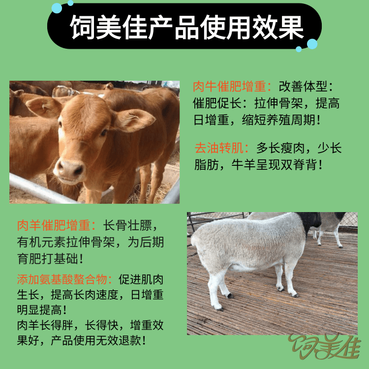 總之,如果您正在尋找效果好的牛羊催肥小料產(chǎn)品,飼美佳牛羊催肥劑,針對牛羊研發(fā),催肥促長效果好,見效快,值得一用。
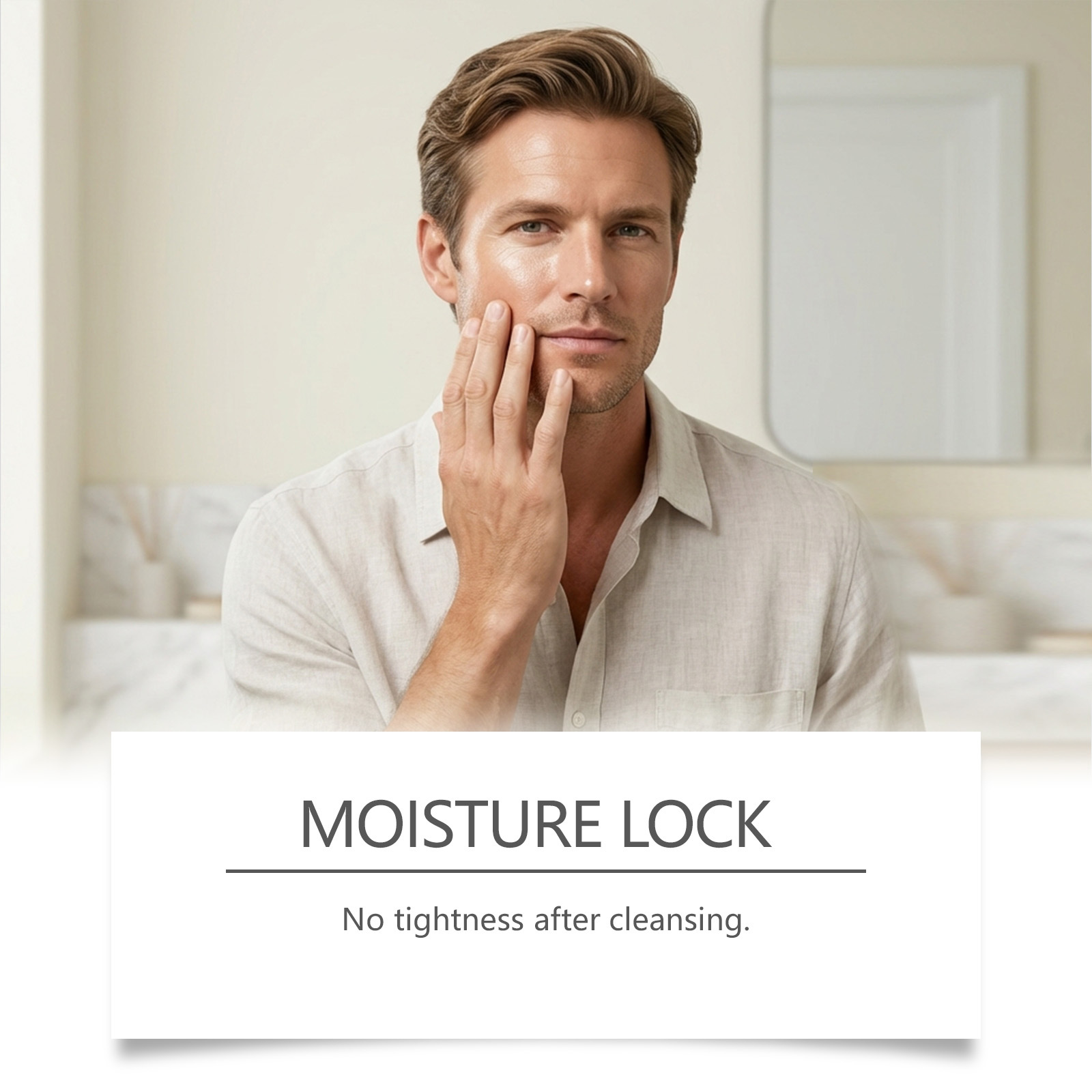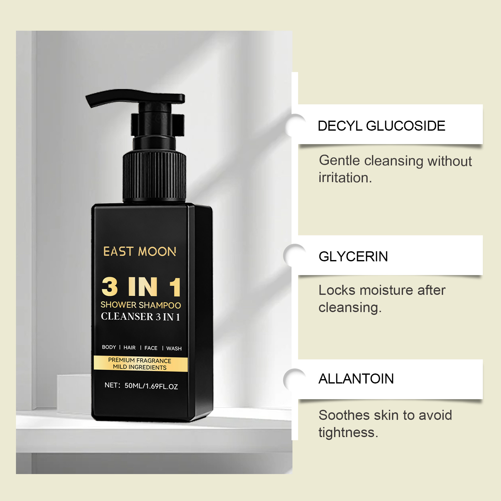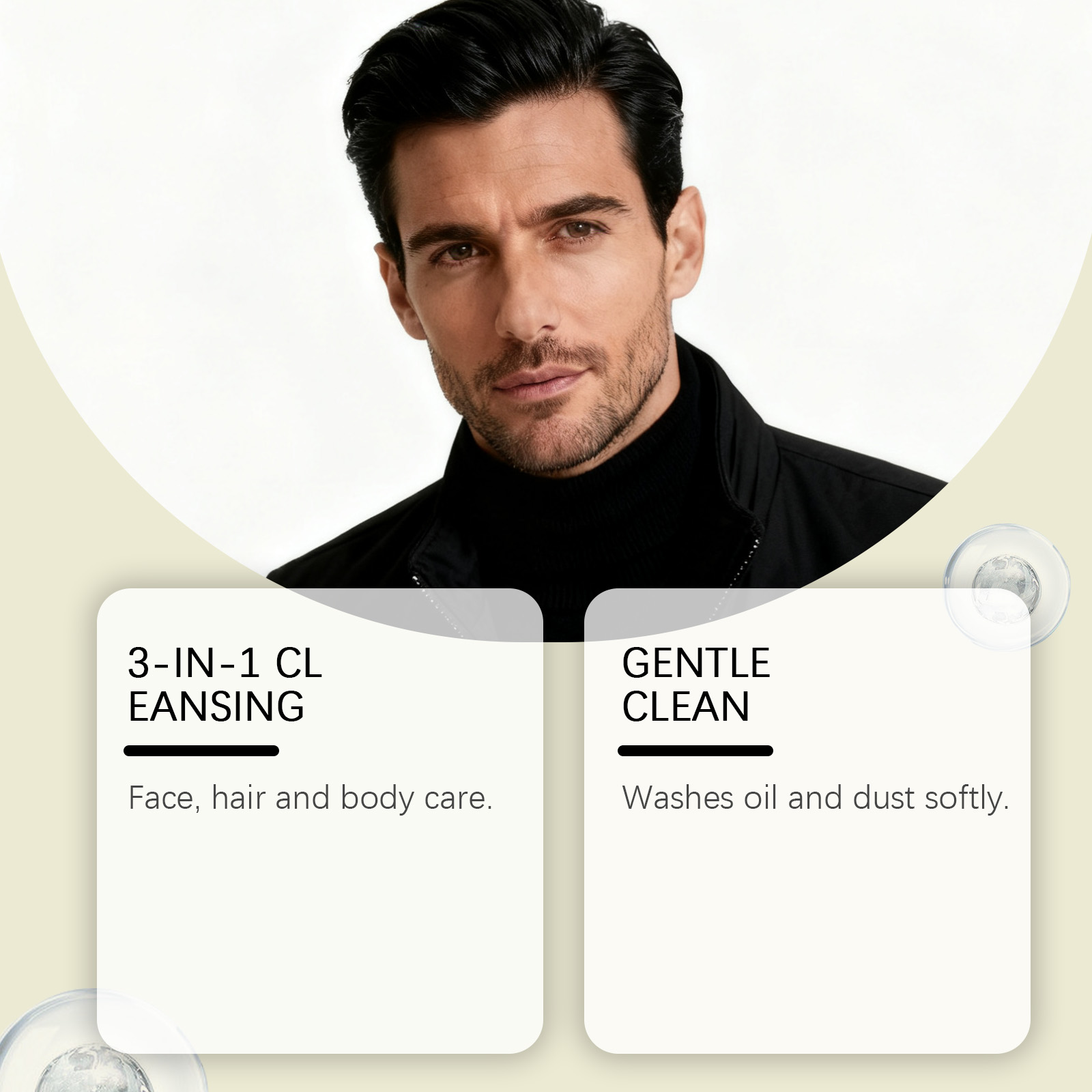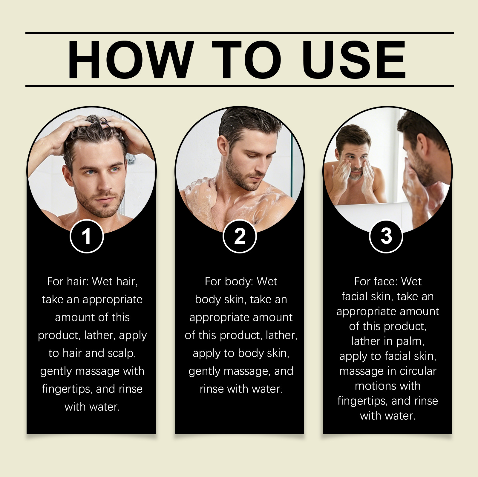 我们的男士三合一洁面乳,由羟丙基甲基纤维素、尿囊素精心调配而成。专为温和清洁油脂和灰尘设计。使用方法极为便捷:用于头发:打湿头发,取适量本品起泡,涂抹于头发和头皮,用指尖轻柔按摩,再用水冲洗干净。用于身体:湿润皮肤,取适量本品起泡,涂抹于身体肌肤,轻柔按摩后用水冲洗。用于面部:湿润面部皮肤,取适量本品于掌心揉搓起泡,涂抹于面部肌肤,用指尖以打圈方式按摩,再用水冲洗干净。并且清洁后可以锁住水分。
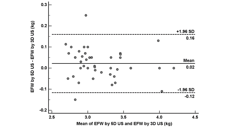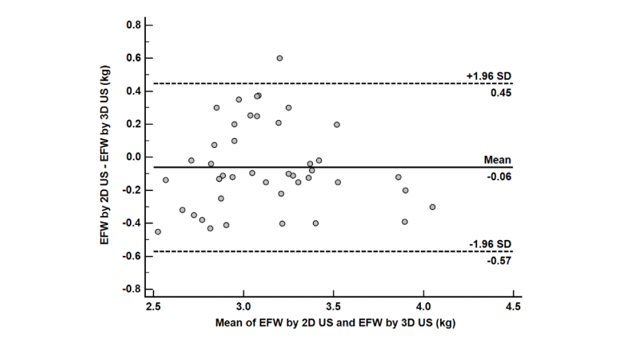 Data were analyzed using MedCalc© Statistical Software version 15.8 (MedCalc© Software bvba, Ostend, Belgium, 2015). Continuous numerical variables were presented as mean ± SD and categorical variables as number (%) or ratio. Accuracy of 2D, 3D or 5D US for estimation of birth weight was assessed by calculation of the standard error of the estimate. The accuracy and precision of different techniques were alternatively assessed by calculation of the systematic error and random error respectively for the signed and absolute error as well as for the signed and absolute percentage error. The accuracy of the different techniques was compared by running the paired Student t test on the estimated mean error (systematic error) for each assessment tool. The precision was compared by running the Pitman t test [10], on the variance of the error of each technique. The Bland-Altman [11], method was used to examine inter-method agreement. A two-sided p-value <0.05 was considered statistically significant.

------------------------------------------------------------------------

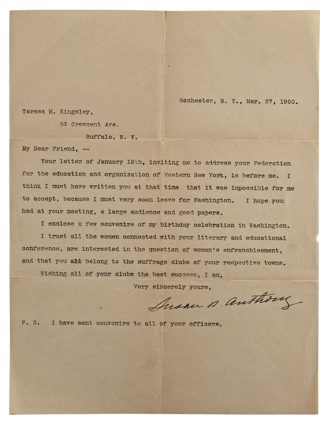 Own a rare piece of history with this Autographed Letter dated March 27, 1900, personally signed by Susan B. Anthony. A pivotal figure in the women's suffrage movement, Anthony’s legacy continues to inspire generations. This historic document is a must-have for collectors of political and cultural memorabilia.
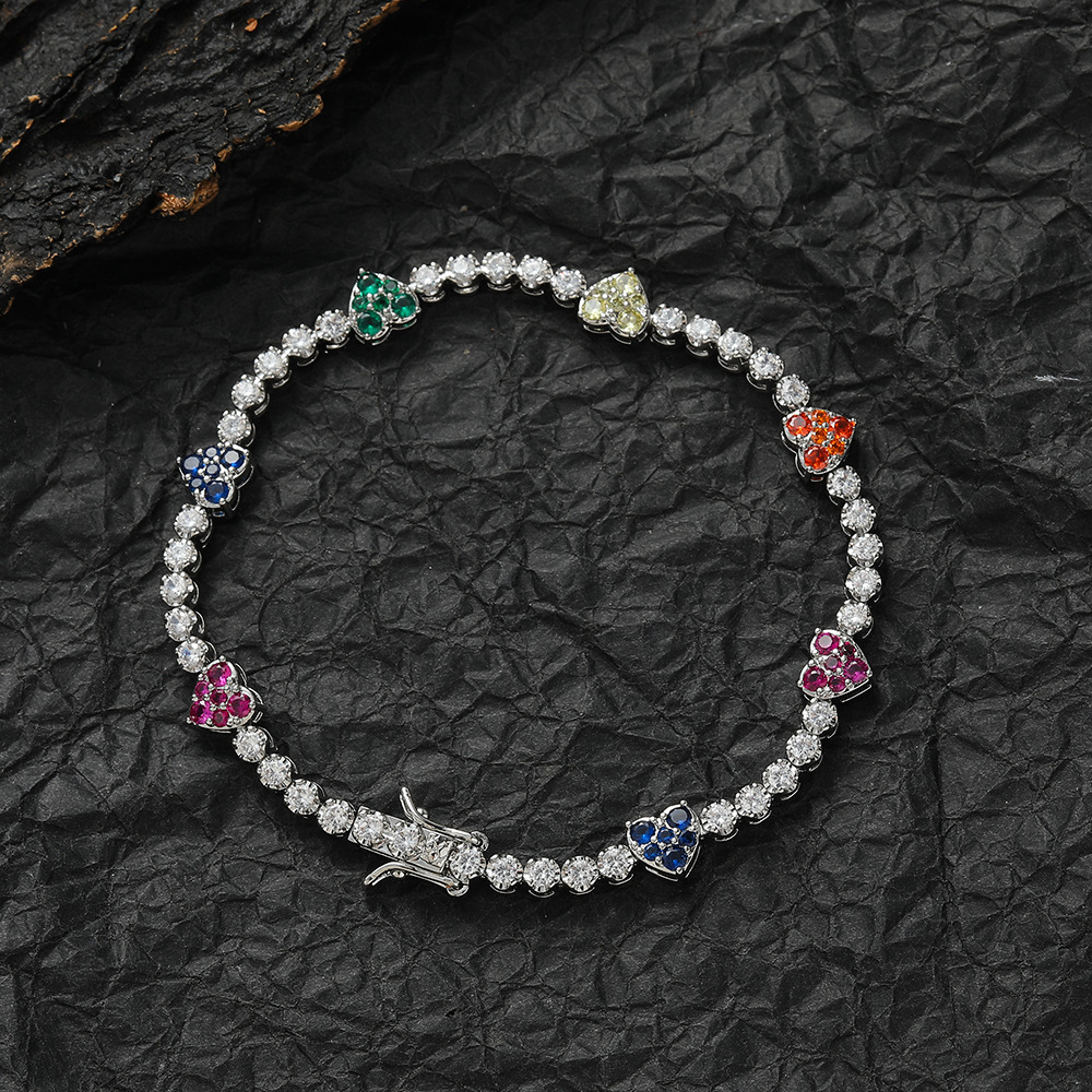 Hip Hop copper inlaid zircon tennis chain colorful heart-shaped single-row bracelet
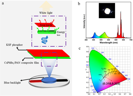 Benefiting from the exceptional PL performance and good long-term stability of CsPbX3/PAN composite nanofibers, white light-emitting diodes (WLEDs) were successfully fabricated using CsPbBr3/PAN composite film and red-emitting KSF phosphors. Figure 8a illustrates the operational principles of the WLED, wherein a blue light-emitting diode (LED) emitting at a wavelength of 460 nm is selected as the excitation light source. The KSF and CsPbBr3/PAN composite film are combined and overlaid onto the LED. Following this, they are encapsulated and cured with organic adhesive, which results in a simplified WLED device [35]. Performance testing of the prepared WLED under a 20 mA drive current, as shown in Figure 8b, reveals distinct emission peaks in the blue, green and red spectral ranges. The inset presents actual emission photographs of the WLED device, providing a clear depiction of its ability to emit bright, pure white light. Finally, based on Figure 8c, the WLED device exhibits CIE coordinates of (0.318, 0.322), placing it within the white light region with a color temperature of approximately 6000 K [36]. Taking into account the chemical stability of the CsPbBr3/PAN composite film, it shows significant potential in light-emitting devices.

------------------------------------------------------------------------

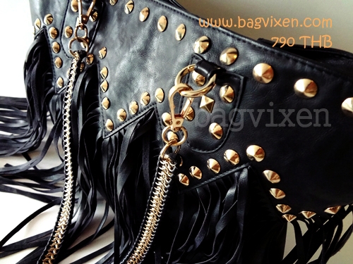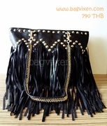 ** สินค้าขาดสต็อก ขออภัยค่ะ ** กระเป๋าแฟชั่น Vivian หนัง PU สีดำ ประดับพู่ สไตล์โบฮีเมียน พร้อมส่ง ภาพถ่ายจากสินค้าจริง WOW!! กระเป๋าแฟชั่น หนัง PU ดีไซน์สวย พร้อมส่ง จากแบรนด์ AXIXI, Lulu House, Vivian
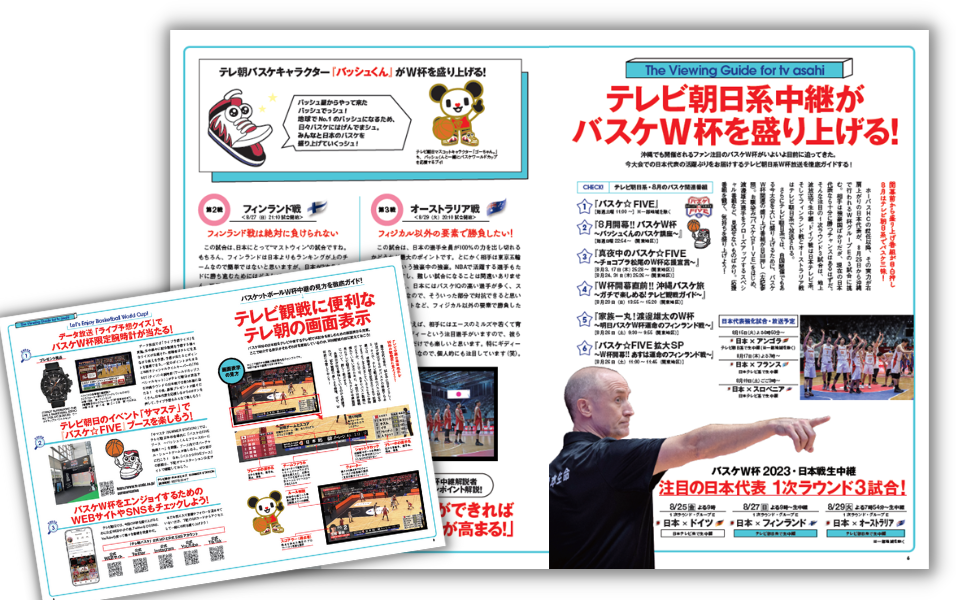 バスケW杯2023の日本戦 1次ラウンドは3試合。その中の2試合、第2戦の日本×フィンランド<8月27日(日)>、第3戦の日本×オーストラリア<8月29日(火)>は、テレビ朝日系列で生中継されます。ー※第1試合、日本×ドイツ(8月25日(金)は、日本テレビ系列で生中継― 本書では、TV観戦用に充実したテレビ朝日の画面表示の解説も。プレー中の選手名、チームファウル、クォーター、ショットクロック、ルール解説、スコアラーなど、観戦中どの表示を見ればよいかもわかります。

------------------------------------------------------------------------

> _Instructions to follow_: Above are the records; please give again, exactly and in full, only the lines that run from the line with "總之,如果您正在尋找效果好的" through the line with "我们的男士三合一洁面乳,由羟", with no pictures.

> _Task result_:
 總之,如果您正在尋找效果好的牛羊催肥小料產(chǎn)品,飼美佳牛羊催肥劑,針對牛羊研發(fā),催肥促長效果好,見效快,值得一用。
 我们的男士三合一洁面乳,由羟丙基甲基纤维素、尿囊素精心调配而成。专为温和清洁油脂和灰尘设计。使用方法极为便捷:用于头发:打湿头发,取适量本品起泡,涂抹于头发和头皮,用指尖轻柔按摩,再用水冲洗干净。用于身体:湿润皮肤,取适量本品起泡,涂抹于身体肌肤,轻柔按摩后用水冲洗。用于面部:湿润面部皮肤,取适量本品于掌心揉搓起泡,涂抹于面部肌肤,用指尖以打圈方式按摩,再用水冲洗干净。并且清洁后可以锁住水分。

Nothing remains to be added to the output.